The term "manifest destiny" was used by newspaper editor John L. O'Sullivan in 1845:

And that claim is by the right of our manifest destiny to overspread and to possess the whole of the continent which Providence has given us for the development of the great experiment of liberty and federated self-government entrusted to us.

Not all politicians were on-side. For example, some objected to the annexation of Mexico along racial lines. A Senator from South Carolina delivered this speech in Congress in 1848:

We have never dreamt of incorporating into our Union any but the Caucasian race—the free white race. To incorporate Mexico, would be the very first instance of the kind, of incorporating an Indian race; for more than half of the Mexicans are Indians, and the other is composed chiefly of mixed tribes. I protest against such a union as that!

In the same year President James K. Polk asserted the Monroe Doctrine, which maintained that the United States has responsibility for all the nations in the Western Hemisphere, and therefore is right and correct to interfere in its neighbours affairs. The USA knows best, being a divinely blessed state, incapable of doing ill.

Though the term Manifest Destiny fell out of favour, it was still used at the end of the nineteenth century to justify the USA as a maritime power in the Pacific. Darwinian doctrines were explicitly evoked to justify domination of Hawaii, Samoa, and the Philippines (not all of which came to fruition as desired).

In the twentieth-century the USA went abroad, overturning elected governments in Asia, bombing suburbs in Panama, installing dictatorships throughout Central America, setting up drug cartels to numb their own citizens, using corporations to control labour forces, militarising the region. Manifest Destiny was rarely evoked by name, but was folded into the overall conception of "American exceptionalism".

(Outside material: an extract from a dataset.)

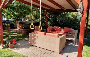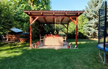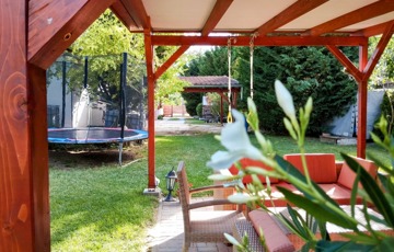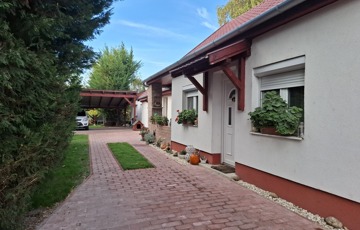 Gyönyörűen karbantartott és kellemesen kezelhető 759 m2-es telkén fedett kocsibeálló, kerti kiülő és masszázs medence került kialakításra, valamint a ház előtt 110 m2-en térkövezve lett az udvar. Ajánlom mindazoknak, akik a Balaton közelében szeretnének élni, és egy meghitt, barátságos családi otthont keresnek, ami minden igényüket kiszolgálja.
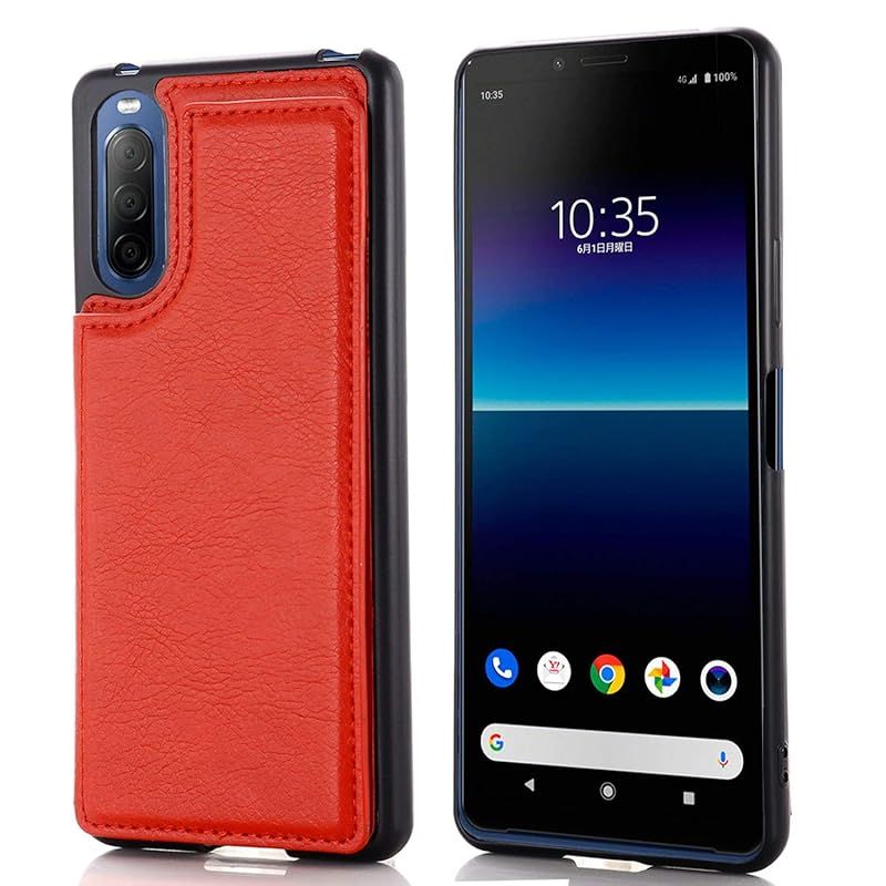 【Anrek】互換性 SONY Xperia 10 II/docomo SO-41A/au SOV43 用 ケース 手帳型(レッド)エクスペリア10ii 高級 PU革 磁石吸着 ポケッ 片手操作背面 IC カード 収納 横置き機能 ケース ソニーxp

From this potted history it's clear that the term "American" is hardly neutral. Every time a citizen of the USA is referred to as "American" this perpetuates the ideology that the USA dominates all of the Americas, that each and every one of the countries listed above are inferior to the exceptional USA.

In truth, most of those societies have traditionally shared very little with the USA, having superior health and education networks, stronger social fabrics, less focus on rampant individualism, and greater resistance to capitalism. Many of these aspects have been undermined by transnational exploitation and outright interference from the USA. But to call all these people "American" assumes a great homogenisation, justifying decades of aggression. It is, in short, an insult.

Or, as James Duff Law wrote in 1903:

We of the United States, in justice to Canadians and Mexicans, have no right to use the title 'Americans' when referring to matters pertaining exclusively to ourselves. Every day is keenly felt the want of a correct name for our great, grand, glorious, independent country.

Law proposed the alternative label "Usonian." Frank Lloyd Wright took up this term to describe a plan for democratic housing (though he misattributed the word's origin to Samuel Butler). Today the term lives on only in certain architecture circles.

My proposal is that we recover, from this fine heritage, the term Usonian to describe residents of the USA. It's fair and useful term that functions to deny imperialism and exceptionalism.

Dedication

For George Floyd, murdered by the racist state.

References

Craven, Jackie. 2019."What Is a Usonian House?" AboutCo [website]. link

Hastedt, Glenn. 2004. Encyclopedia of American Foreign Policy. New York: Facts on File.

Law, James Duff. 1903. Here and There in Two Hemispheres. Lancaster, PA: The Home Publishing Company. link

McCrisken, Trevor B. 2001. "Exceptionalism," in Encyclopedia of American Foreign Policy Volume 2, second edition. Alexander DeConde, Richard Dean Burns, Fredrik Logevall, Louise B. Ketz, eds. New York: Charles Scribner's Sons, 63-80.

Wikipedia. 2020. "Manifest destiny." Wikipedia [website]. link

Illustration

American Progress (1872) by John Gast (1842-1896)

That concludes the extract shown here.